Cystic fibrosis

 what is cystic fibrosis?

Cystic fibrosis is a genetic disease, that is to say, due to the presence of a defective gene. It is transmitted in an autosomal recessive mode, which means that this altered gene must be present in both parents. To develop cystic fibrosis, must have two mutated genes. There are so many "healthy carriers" in perfect health because they have only one defective gene.

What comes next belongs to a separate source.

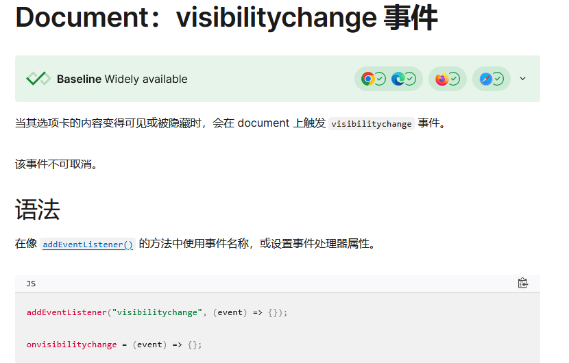 https://developer.mozilla.org/zh-CN/docs/Web/API/Document/visibilitychange_event
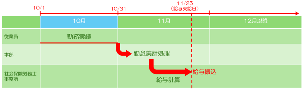 【給与計算スケジュール例(11月度給与;支給日11月25日)】                                           ①10月1日~末日:対象月                                                         ②11月上旬~中旬:当月勤怠の締め・集計処理                                                 ③11月中旬~下旬:上記②に基づく給与計算処理                                          ④11月25日:給与振込み

The cause of the occurrence of the disease cystic fiber is the Remove of three consecutive nitrogen bases (AGA) in the DNA molecule, Where AG has been removed from the codon  number 5 and A from the codon number 6, which leads to the no appearance of amino acid number 6 (phenylAlanine). This imbalance results in a change in the resultant protein in a region of functional importance making it not doing its job.

Symptoms of the disease manifest in : Disturbances in cellular exchanges Which leads to thick mucus secretion So stop breathing and digestive functions of the cells of the person affected.

Sickle cell anemia

Sickle cell anemia is an inherited blood disease. It is particularly common in populations from sub-Saharan Africa, the Caribbean, India, the Middle East and the Mediterranean basin.

The characteristics of the different levels of the phenotype of sickle cell disease are:

- At the organic level: severe anemia, weakness, respiratory disorders, heart attack and blood (blood circulation is Unusual).

- At the cellular level: the low number of red blood cells, Change its shape (crescent, or sickle), this latter leads to the blockage of blood vessels and thus non saturate tissue of blood

- At the molecular level: Hemoglobin in the lack of oxygen is less soluble, forming a solid grid of fibers in the cytoplasm of erythrocytes.